In another ongoing project I argue that much post-Rawlsian political philosophy is insufficiently attentive to the failures of our political procedures. When theorizing about abstract institutions we have a tendency to overlook the way they are likely to fail or be deficient. Even if a political procedure is generally reliable, some of them fail in predictable ways, and their failures fall disproportionately on certain segments of the population. Because our various political and legal procedures interact, this creates a variety of vicious circles, further undermining the justice, legitimacy, or authority of our political institutions. Most normative justification of political institutions lack the resources to accommodate, or even provide a useful framework for thinking about, the normative significance of these problems. I argue that, contra most proceduralists in political philosophy, these problem seriously undermine the possibility that our actual, realized institutions can be democratically justified. 

This has important implications for the moral norms that govern our roles in institutions. I have several papers working out what various professional obligations look like given the nature of our institutions. In “The Special Moral Obligations of Law Enforcement,” published in the Journal of Political Philosophy, I defend an account of professional obligation and apply it to law enforcement officers. The conclusion I arrive at in the paper is that members of law enforcement very often fail to satisfy  important moral obligations. I have continued exploring this issue in another paper, “On Enforcing Unjust Laws in a Just Society.” There, I consider and reject a variety of arguments for the view that police officers are permitted to enforce unjust laws. Popular justifications for the permissibility of enforcing unjust laws are made in the context of thinking about abstract institutions. The imperfections of our actual institutions cause serious problems for these justifications. This paper draws together my work on procedural failure and law enforcement ethics by arguing that discretion in law enforcement is a crucial part of our political procedures, and is needed to counteract failures in other parts of our institutions. 

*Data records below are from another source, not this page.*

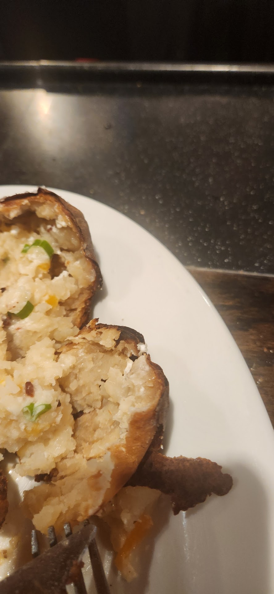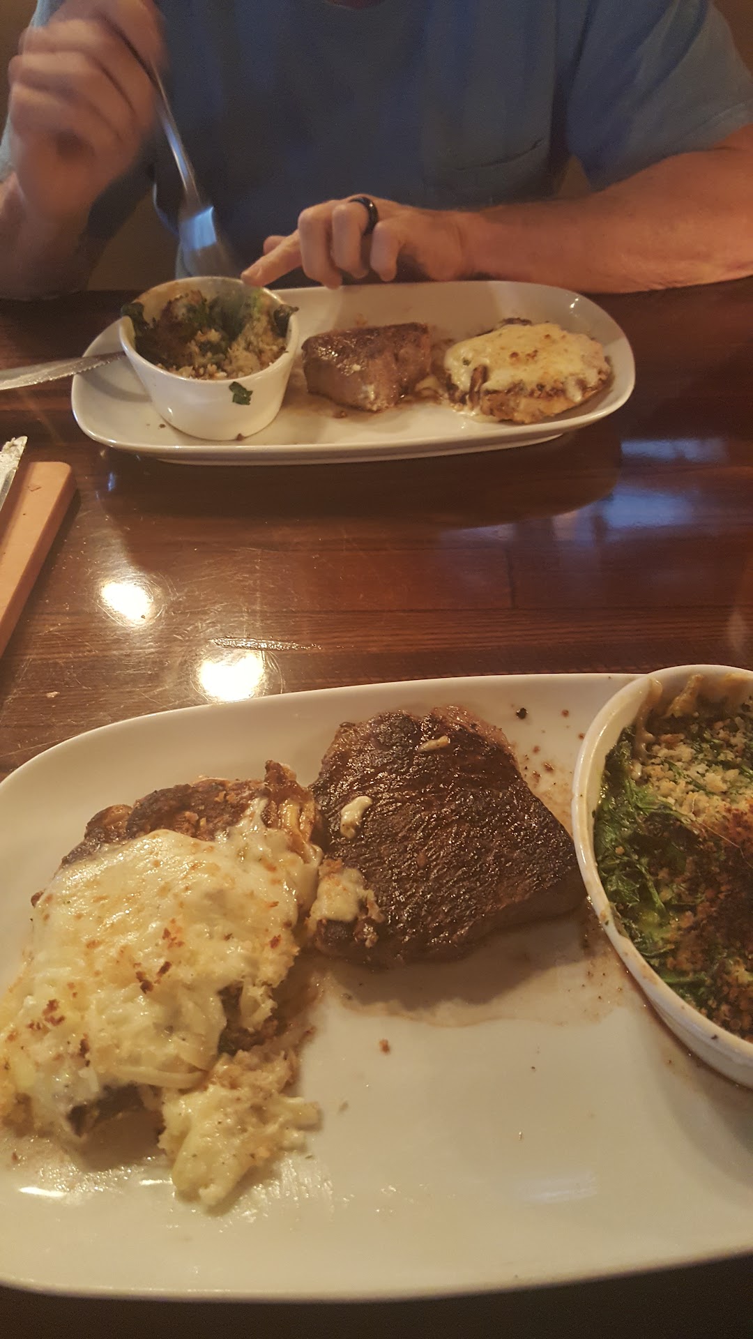 My side of brussel sprouts that I ordered with my steak & potato was delivered before the rest of my meal. I did not request this. I eventually received my steak and my potato was old. You can tell when an older baked potato is being served. In addition to the old potato, my steak was metallic and unpleasant tasting. I ordered a medium steak but it was temped by the manager at 105 degrees. I requested a manager to temp the steak in front of me. I assume this is why the couple at the bar eventually made comments about my behavior. I was not happy in the slightest at this point. My food arrived at different times for no good reason. It arrived and was poorly cooked and plated. It was 35 degrees away from the medium temperature I requested. The crust was warm which didn't make sense to me. Aren't crusts baked or broiled to brown the top? Overall it was poorly executed and my experience was poor. I did not want another steak after the poor tasting steak I was served. I've had undercooked steaks but there was so much more going on here.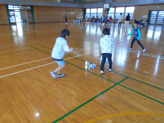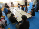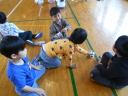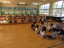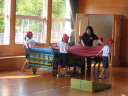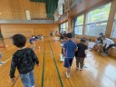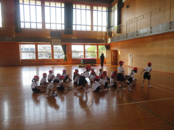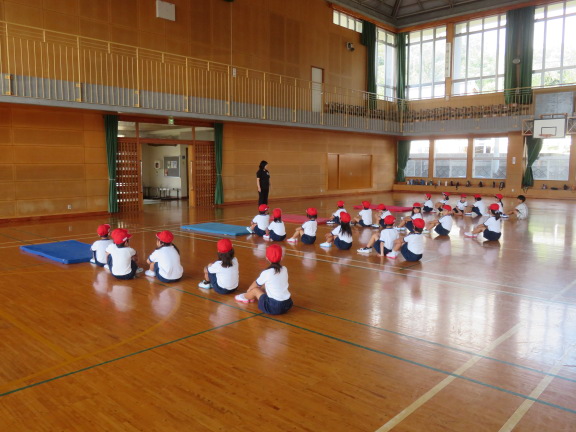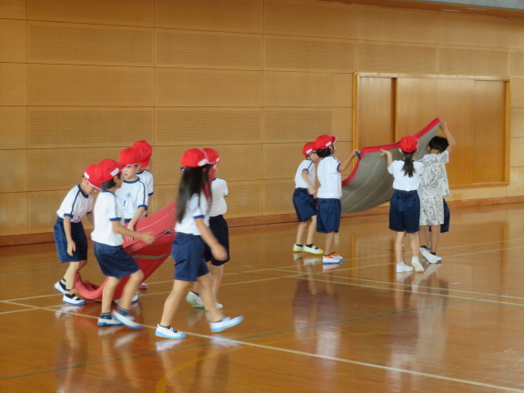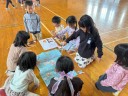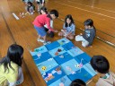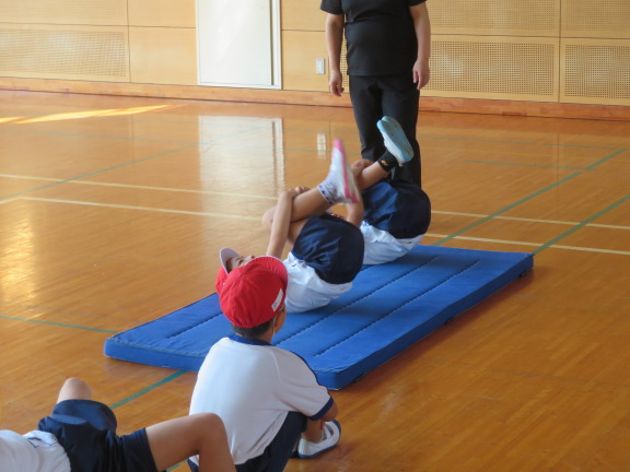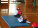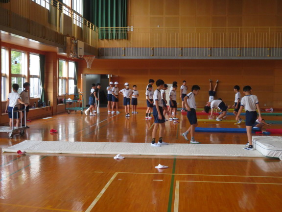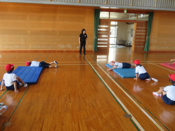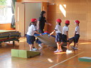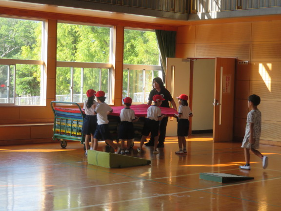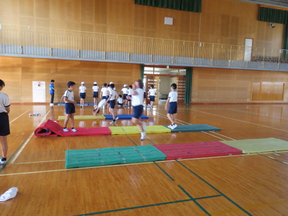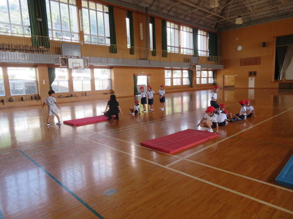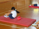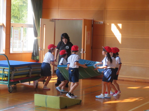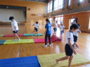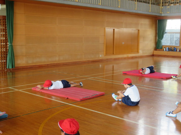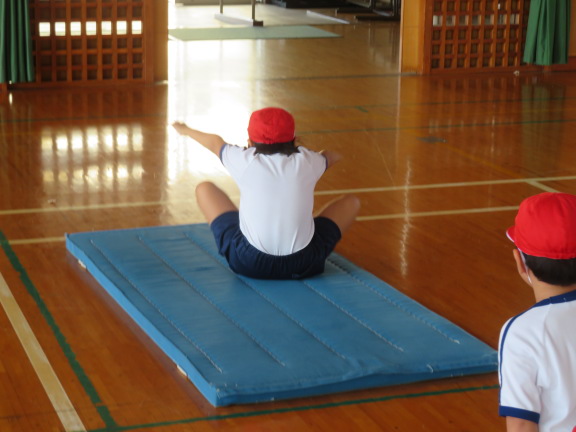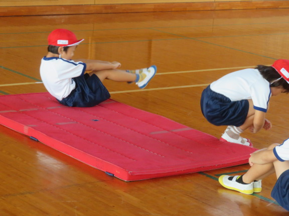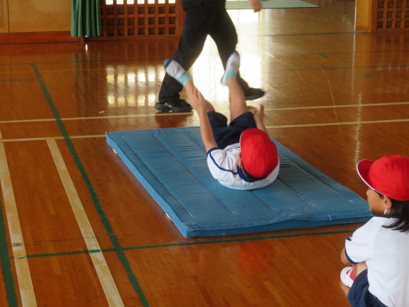 最初に、マットを準備しています。マットは重いのですが、みんなで周りをとり囲み、協力して運んでいました。その後は、横になって回転したり、起き上がりを繰り返したり、前回りしたりして運動していました。みんなずいぶん上手になりました。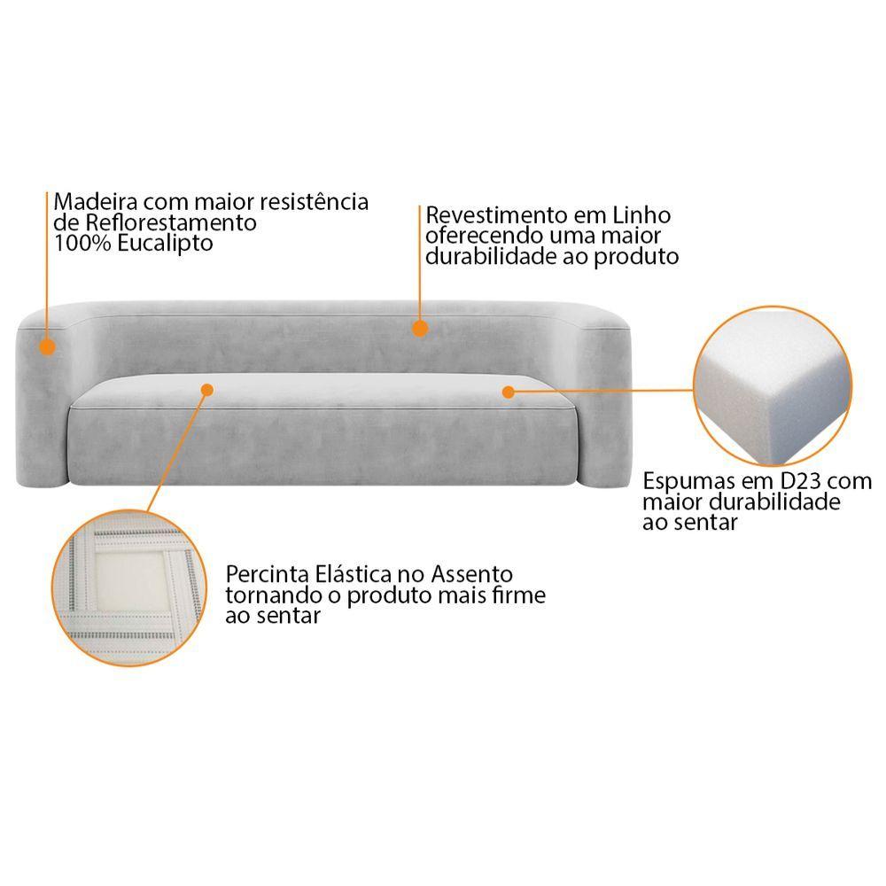Kit Sofá 3 Lugares 180cm E Poltrona Orgânica Luxo Recepção Melina Linho Adj Decor Cinza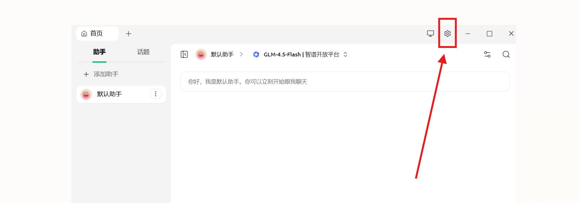 然后打开Cherry Studio ,点击右上角设置图标: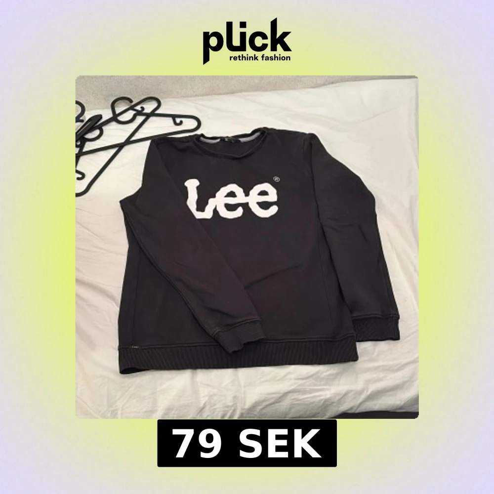 Säljer en svart sweatshirt från Lee med stort vitt tryck på bröstet. Tröjan har rund halsringning, långa ärmar och ribbade muddar vid ärmslut och nederkant. Perfekt för en avslappnad stil.
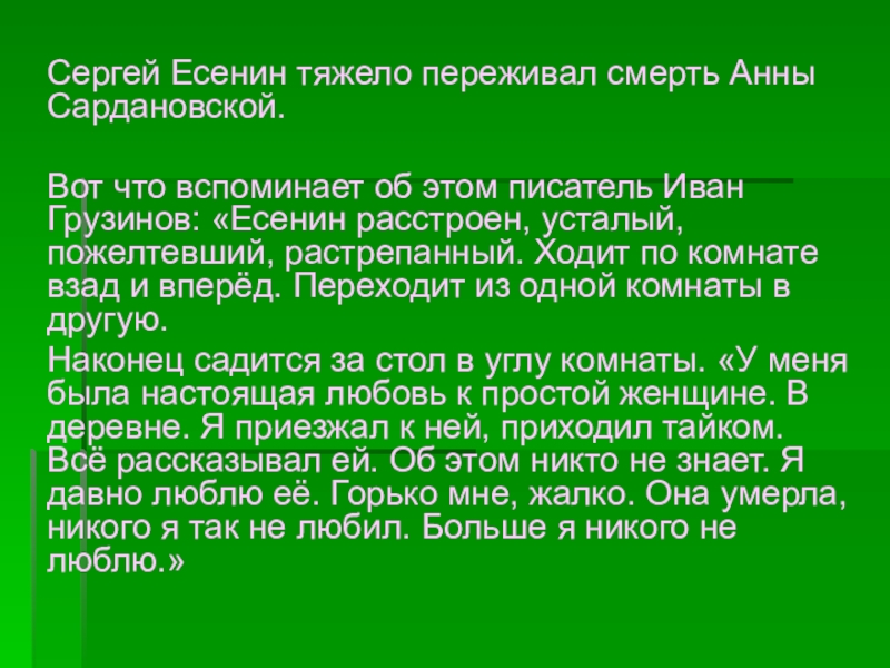 Слайд 8Сергей Есенин тяжело переживал смерть Анны Сардановской.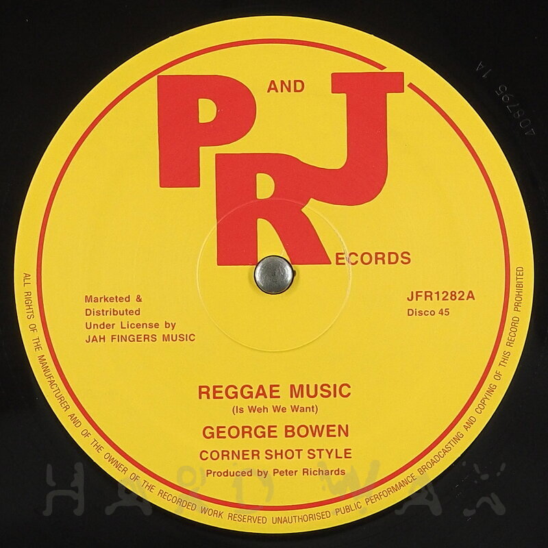 12"—12" € 16P & J JFR 1282Reggae / C8George Bowen: Reggae MusicReissue of ace, early 80s UK reggae one off w/ DJ Cut on the flip A1 Reggae Music B1 Movement & Ranking Tipper: Reggae Music Gone Clear
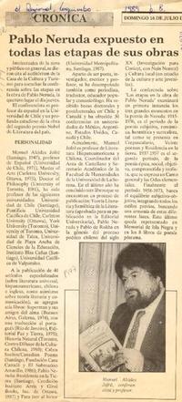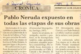 Pablo Neruda expuesto en todas las etapas de sus obras [artículo] El Regional (Diario : Coquimbo, Chile)-- jul. 16, 1989, p. 8. 1 página : ilustraciones en blanco y negro; 30 cm. .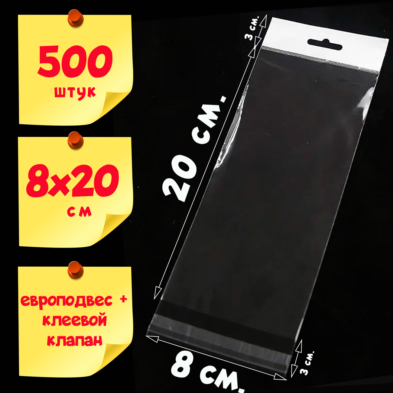 500 пакетов 8х20+6 см с белым европодвесом и клеевым клапаном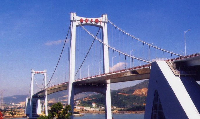 廈門(mén)海滄大橋是世界第二、亞洲第一座特大型三跨連續(xù)全漂浮鋼箱梁懸索橋,也是廈門(mén)市歷史上投資最大的交通工程項(xiàng)目,工程全長(zhǎng)5926.527米,主跨648米,海滄大橋設(shè)計(jì)通行能力為50000輛/日,行車(chē)時(shí)速為80公里/時(shí),工程概算總投資28.7億人民幣。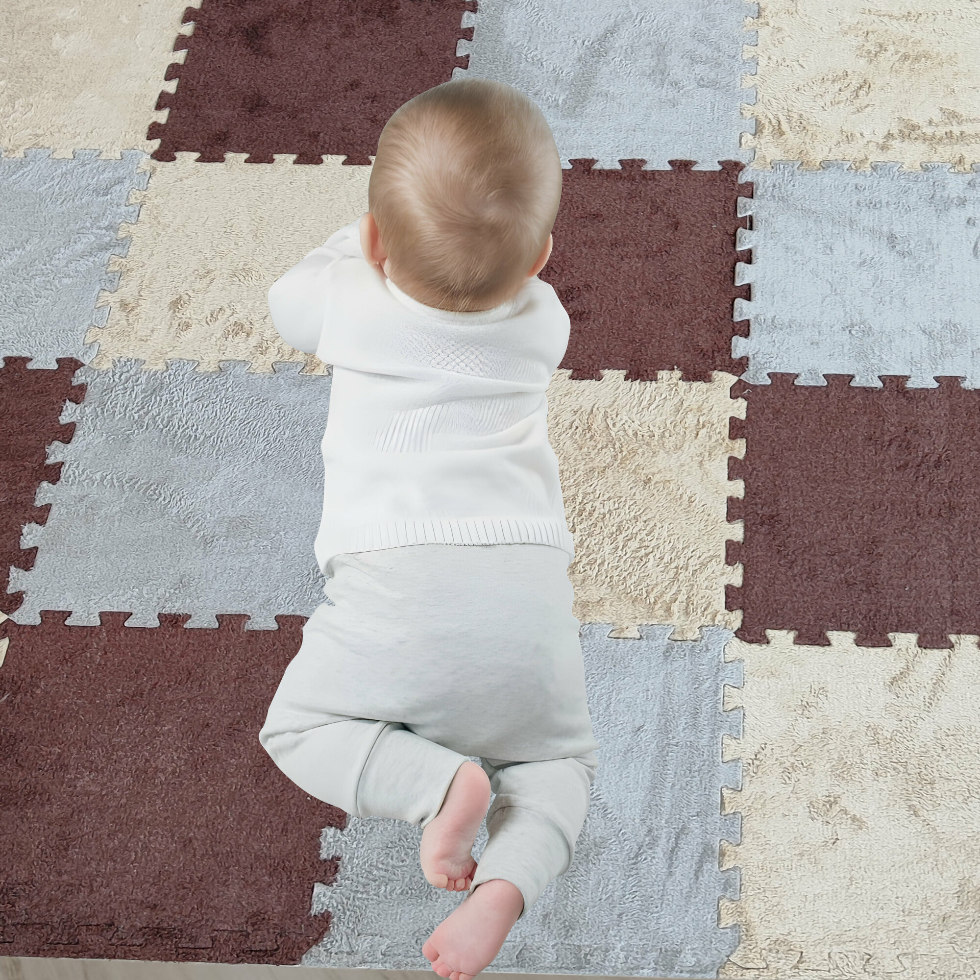 Коврик-пазл Baizheng махровый, упаковка 10 штук, размер 30х30х1,5см, цвет коричневый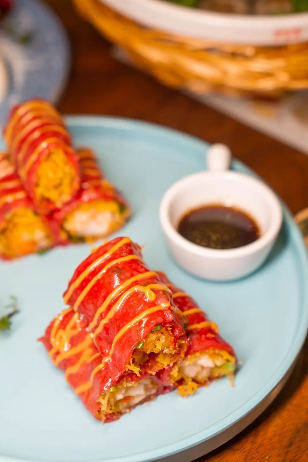 每一块都色泽饱满,金黄流油,看着就馋! 寡吃肉太单调,配上老板亲调的酸梅酱和 姜蓉汁既解腻又丰富了口感~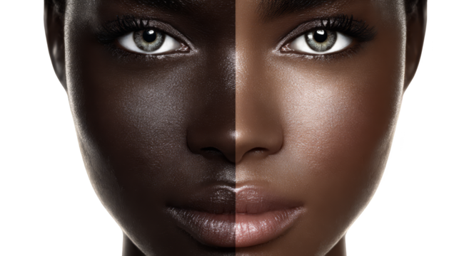 Abstract colorful paint strokes forming a human face isolated on transparent background. Portrait of a person with vibrant splashes of colorful paint across their face isolated on white background.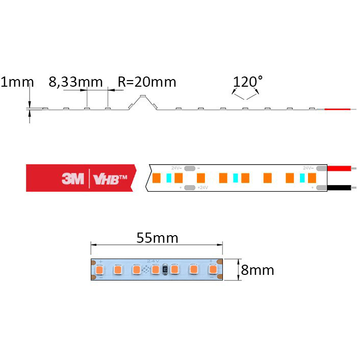 - SMD2835 (Surface-Mounted Device) technologie - zajišťuje vysokou účinnost díky efektivnímu pasivnímu chlazení LED čipů. Diody jsou umístěny v pouzdře na hliníkové chladicí podložce, což prodlužuje jejich životnost a umožňuje LED pásku SMD2835 24V dosahovat vynikající svítivosti a účinnosti s vyzařovacím úhlem 120°.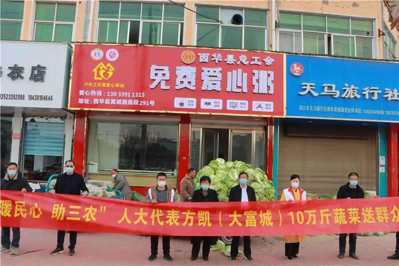 近日,方凱了解到西華縣黃橋鄉(xiāng)菜農(nóng)蔬菜滯銷的問題,便立即到現(xiàn)場察看,當(dāng)即決定幫助菜農(nóng)解決蔬菜滯銷難題,購買10萬斤蔬菜,并將這些蔬菜捐贈給縣人民醫(yī)院、中醫(yī)院、敬老院等單位。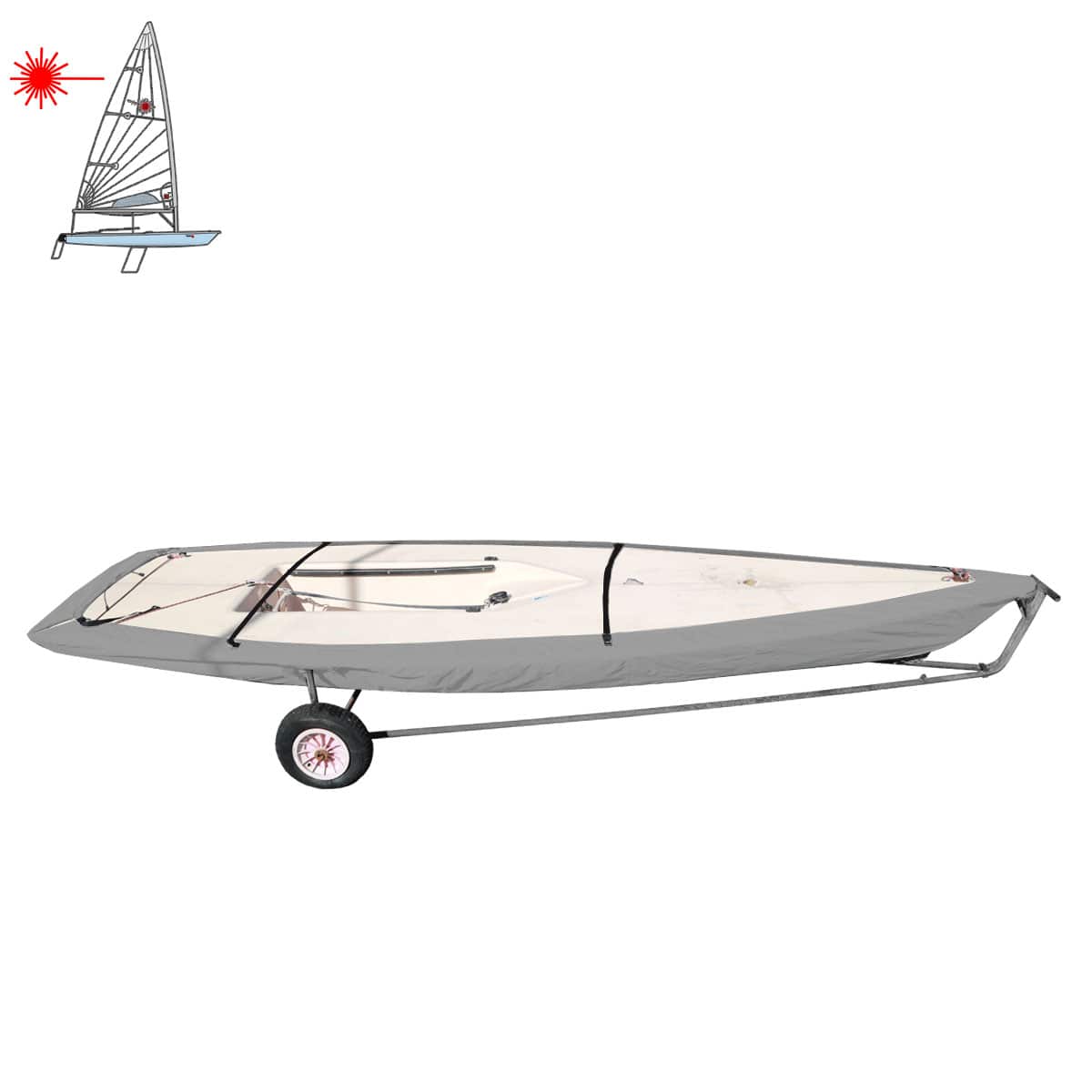 - Eine Reihe von One-Design-Abdeckungen, die speziell für LASER-Schlauchboote hergestellt wurden

The ethics of killing & moral status

I am also thinking and writing about moral status. My work here is motivated by a broader interest in the ethics of killing. In a paper published in The Journal of Medicine and Philosophy, I consider and reject one strategy for defending the view that humans have full moral status merely in virtue of their species membership. One might think that we have special moral obligations to our family members in virtue of a biological or genetic connection, and extend this reasoning to all of our fellow humans. This way of arguing avoids some of the standard objections to accounts of moral status based on species membership (namely that such accounts are arbitrary). My response is that familial obligations are not in fact grounded in biological relations. Thus, biological relations cannot ground special moral obligations to all humans. 

My interest in moral status motivates me to think about problems in environmental ethics as well. One of the central problems in environmental ethics is accounting for the moral status of the environment. There are two broad strategies: (biocentric) individualism and holism. Biocentric individualists claim that all organisms have some level of moral status. Holists, on the other hand, claim that ecosystems (or species, or "the land") are the things to which we have obligations, rather than individual organisms. In a paper in the journal Environmental Values I defend biocentric individualism from one of its primary objections (though I do not officially endorse the view).